Friday, July 02, 2010

Brideshead Revisited - Evelyn Waugh

"The chapel showed no ill effects of its long neglect. The paint was as fresh and bright as ever. And the lamp burned once more before the altar. I knelt and said a prayer - an ancient, newly-learned form of words. I thought that the builders did not know the uses to which their work would descend. They made a new house with the stones of the old castle. Year by year the great harvest of timber in the park grew to ripeness, until, in sudden frost, came the Age of Hooper. The place was desolate and the work all brought to nothing. Quo modo sedet sola civitas - vanity of vanities, all is vanity. And yet, I thought, that is not the last word. It is not even an apt word - it is a dead word from ten years back."

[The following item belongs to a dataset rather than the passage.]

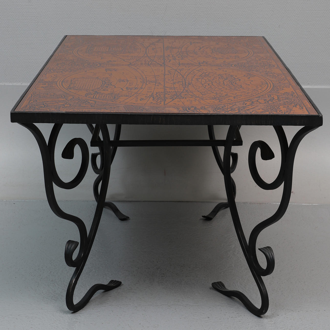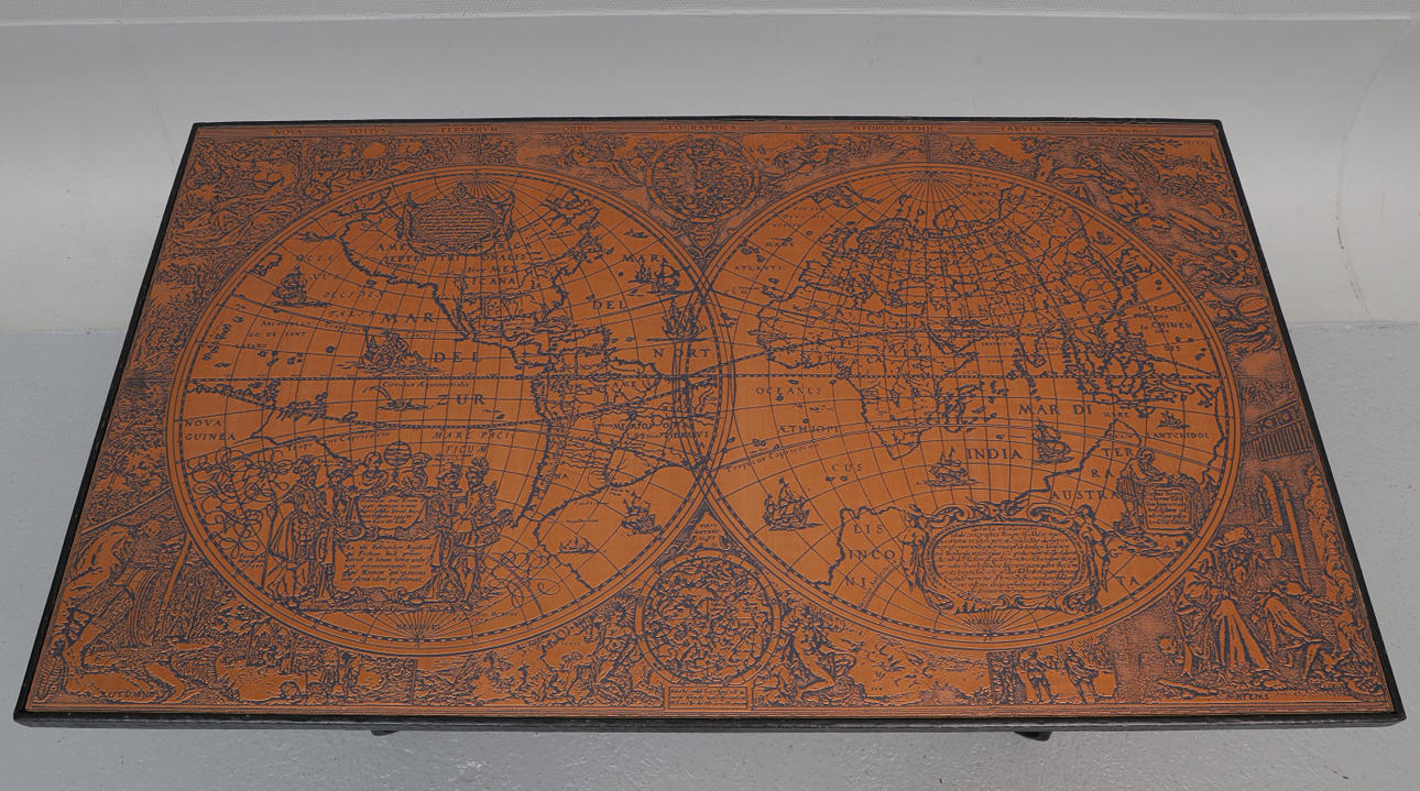 2493435. COFFEE TABLE with copper top, iron, world map, 1900s.
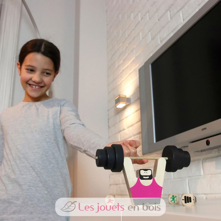 Take turns to position the weights, shown on the weight die, on the barbell and then put the barbell on the wooden athlete. Throw the personal trainer die (the green die has easier exercises, the red die harder ones) and, lifting the barbell with two fingers together, tackle the task shown. The winner is the player who correctly completes the most tasks without the weights falling!

Charles Ryder is a young student at Oxford University when a chance encounter introduces him to Lord Sebastian Flyte. Sebastian invites Ryder into his family home, Brideshead, and in fact, into his life. But each member of Sebastian's family is somewhat damaged if eccentric. Charles takes to them though as his own family life is less than satisfactory. The two young men grow close over one summer but all too soon things begin to change. Sebastian drinks, driving him far from home and away from Charles. Without his friendship Charles soon becomes estranged from the rest of the family, only returning to Brideshead many years later to find it much changed.

This was my first Evelyn Waugh book and he didn't let me down. The flow of his sentence structure and his description I would say were on par with du Maurier's "Rebecca" but of a different flavour. If this book were a meal it would most definitely taste of wood smoke. There is a certain visceral sensuousness to his writing as evinced by this paragraph: "The sole was so simple and unobtruse that Rex failed to notice it. We ate to the music of the press - the crunch of the bones, the drip of blood and marrow, the tap of the spoon basting the thin slices of breast." Waugh manages to make eating both a violent and erotic experience.

While I did love the writing in the book I found it nearly impossible to connect to and care about the characters. There was almost a vulgarity to their qualms about daily life. I couldn't wrap my head around being so rich as to be hard done by. I know that the reader isn't necessarily supposed to like the family and their decadent lifestyle but because I didn't care about the characters I didn't care what happened to them either. Perhaps it's the distance between writer and reader that makes this book feel so inaccessible to me. Waugh did write it more than 60 years ago but to be fair, I have no problem connecting with Cervantes or Austen and their works are far older.

My main beef with the book was the point in time at which it started. I know the book is about loss and mourning what has passed but this felt like entering a theatre after the end credits have started. I wanted to see everything from the beginning. I wanted to experience the descent of these people, not reflect on their already decaying family unit. "Brideshead Revisited" encompasses love and loss, religion and secularity, loyalty and infidelity, everything one could want in a book. It was unfortunately not the book for me.